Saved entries
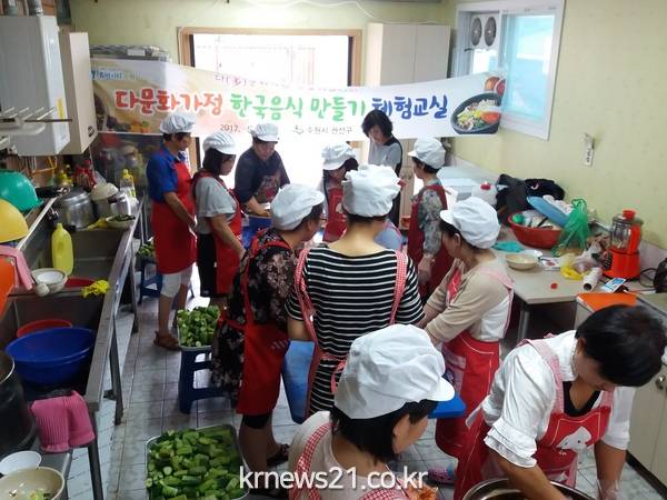 수원시 권선구(구청장 이필근)는 27일, 세류1동 다문화사랑방에서 다문화가정26명과 함께 한국음식 만들기 체험교실을 개최했다.
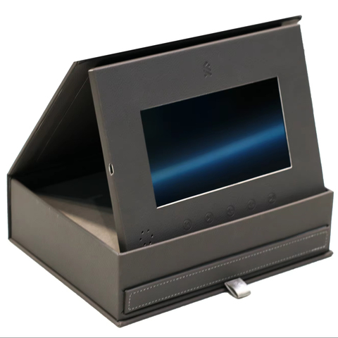 Cajas de vídeo de pantalla LCD grande de lujo, papel de textura, cartón personalizado de negocios para regalos promocionales
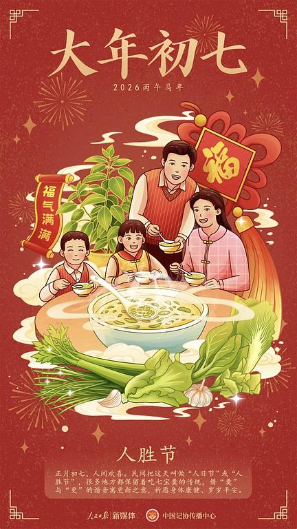 今天是大年初七传说是人类的诞辰民间把这天叫做“人日节”或“人胜节”一些地方的人们要吃七宝羹 借“羹”与“更”的谐音寓更新之意从今天起迎接一个崭新的自己保持信心、勤耕不辍坚定地向着目标走下去生活终会有灿烂的模样
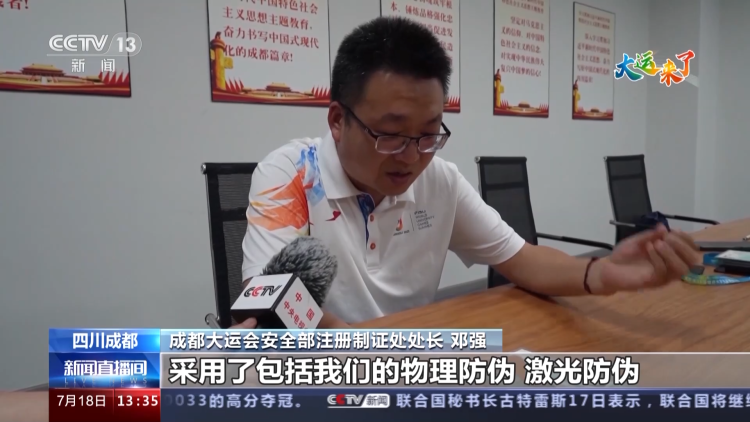 成都大运会安全部注册制证处处长 邓强:身份注册卡的防伪技术,采用了包括物理防伪、激光防伪和电子数据的防伪多重技术为一身,每一个验证点位的工作人员,都会有一个偏振片,把它放在整个证件的激光贴标上进行旋转的话,它会呈现出满天星和一个蓉宝形象的转换。这样能够最简单、最快速地识别出证件真伪。另外,在卡面上有花纹,包括彩色的条,这都是一些防伪技术。
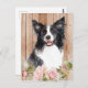 Realistic black and white Border Collie dog watercolor portrait illustration with pretty floral spray on faux wood panel background.
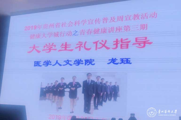 为庆祝新中国成立70周年和贯彻贵州省社科联《关于开展2019年贵州省社会科学宣传普及周活动的通知》精神,搞好社会科学宣传普及活动,积极开展“健康大学城”行动,提高大学生人文素养,培养知礼节、懂礼貌、有涵养、有修为、有魅力的大学生,9月24日,beat365在南校区道德讲堂举办了题为《大学生礼仪指导》的礼貌礼仪宣讲活动。讲座由大健康学院院长陈玉其主持,医学人文学院讲师、国家注册礼仪培训师(高级)、中国校园礼仪培训师龙珏主讲,全校300多名学生参加。
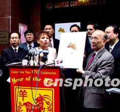 美国会议员维拉贵兹五日站在勿街中华公所门前举起当日出版的《每日新闻》报上登出的一条宣传华埠没有“非典”的公益广告说,华埠是安全的,人们可以放心地到华埠来。(右一为中华公所主席伍廷典)中新社记者:赵海燕
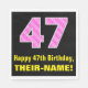 Cette conception amusante et joyeuse de serviette en papier sur le thème de l'anniversaire dispose d'un grand numéro "47" avec un motif à rayures rose clair et rose foncé contenant des formes cardiaques. Il comporte également le message de voeux d'anniversaire "Joyeux 47e anniversaire", et un nom personnalisé. Des serviettes en papier comme celle-ci peuvent être amusantes à utiliser à l’occasion de la fête de quarante-septième anniversaire de quelqu’un. Cela pourrait aussi être un choix amusant pour quelqu'un qui a un anniversaire qui tombe le 14 février (Saint-Valentin), en raison de ses symboles et couleurs de coeur aimés. [~Z0000436]

■ Exercise requirements:
Quote the records above exactly, leaving out any pictures.

■ Response for this exercise:
 수원시 권선구(구청장 이필근)는 27일, 세류1동 다문화사랑방에서 다문화가정26명과 함께 한국음식 만들기 체험교실을 개최했다.
 Cajas de vídeo de pantalla LCD grande de lujo, papel de textura, cartón personalizado de negocios para regalos promocionales
 今天是大年初七传说是人类的诞辰民间把这天叫做“人日节”或“人胜节”一些地方的人们要吃七宝羹 借“羹”与“更”的谐音寓更新之意从今天起迎接一个崭新的自己保持信心、勤耕不辍坚定地向着目标走下去生活终会有灿烂的模样
 成都大运会安全部注册制证处处长 邓强:身份注册卡的防伪技术,采用了包括物理防伪、激光防伪和电子数据的防伪多重技术为一身,每一个验证点位的工作人员,都会有一个偏振片,把它放在整个证件的激光贴标上进行旋转的话,它会呈现出满天星和一个蓉宝形象的转换。这样能够最简单、最快速地识别出证件真伪。另外,在卡面上有花纹,包括彩色的条,这都是一些防伪技术。
 Realistic black and white Border Collie dog watercolor portrait illustration with pretty floral spray on faux wood panel background.
 为庆祝新中国成立70周年和贯彻贵州省社科联《关于开展2019年贵州省社会科学宣传普及周活动的通知》精神,搞好社会科学宣传普及活动,积极开展“健康大学城”行动,提高大学生人文素养,培养知礼节、懂礼貌、有涵养、有修为、有魅力的大学生,9月24日,beat365在南校区道德讲堂举办了题为《大学生礼仪指导》的礼貌礼仪宣讲活动。讲座由大健康学院院长陈玉其主持,医学人文学院讲师、国家注册礼仪培训师(高级)、中国校园礼仪培训师龙珏主讲,全校300多名学生参加。
 美国会议员维拉贵兹五日站在勿街中华公所门前举起当日出版的《每日新闻》报上登出的一条宣传华埠没有“非典”的公益广告说,华埠是安全的,人们可以放心地到华埠来。(右一为中华公所主席伍廷典)中新社记者:赵海燕
 Cette conception amusante et joyeuse de serviette en papier sur le thème de l'anniversaire dispose d'un grand numéro "47" avec un motif à rayures rose clair et rose foncé contenant des formes cardiaques. Il comporte également le message de voeux d'anniversaire "Joyeux 47e anniversaire", et un nom personnalisé. Des serviettes en papier comme celle-ci peuvent être amusantes à utiliser à l’occasion de la fête de quarante-septième anniversaire de quelqu’un. Cela pourrait aussi être un choix amusant pour quelqu'un qui a un anniversaire qui tombe le 14 février (Saint-Valentin), en raison de ses symboles et couleurs de coeur aimés. [~Z0000436]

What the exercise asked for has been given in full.